$K \otimes_R A$ is Noetherian ring where $R$ is integral domain with field of fractions $K$ and $A$ an $R$-algebra which is Noetherian ring

Question

Let $R$ be an integral domain , $K$ be the field of fractions of $R$ . Let $A$ be an $R$-algebra such that $A$ is a Noetherian ring . Then $K \otimes_R A $ is also an $R$-algebra , my question is : How to show that $K \otimes_R A $ is a Noetherian ring ? The only thing I can relate to is that $K$ is a flat $R$-module , but I don't know whether this has any relevance or not . Please help . Thanks in advance

Answer 1

Let $I$ be an ideal of $K\otimes_RA$, denote by $i:A\rightarrow K\otimes_RA$ defined by $i(a)=1\otimes a$, $i^{-1}(I)$ is an ideal of $A$.
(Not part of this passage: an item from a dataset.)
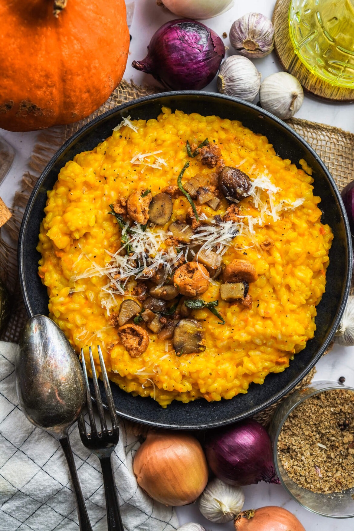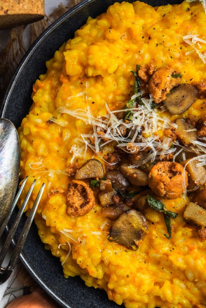 Kürbis Risotto mit Maronen, Salbeibutter & Amarettini

Let $x={p_1\over q_1}\otimes a_1+...+{p_n\over q_n}\otimes a_n, p_i,q_i\in R, a_i\in I$ an element of $I$. Write $q=q_1...q_n$, $qx\in i(i^{-1}(I))$. This implies that $S^{-1} i(i^{-1}(I))=I$ where $S=R-\{0\}$. Consider a family of ideals $I_1\subset I_2...\subset I_n...$ since $A$ is Noetherian, there exists $N$ such that $i^{-1}(I_n)=i^{-1}(I_N), n>N$. $i^{-1}(I_n)=i^{-1}(I_N), n>N$. We deduce that $I_n=S^{-1}i(i^{-1}(I_n))=I_NS^{-1}i(i^{-1}(I_N)), n>N$.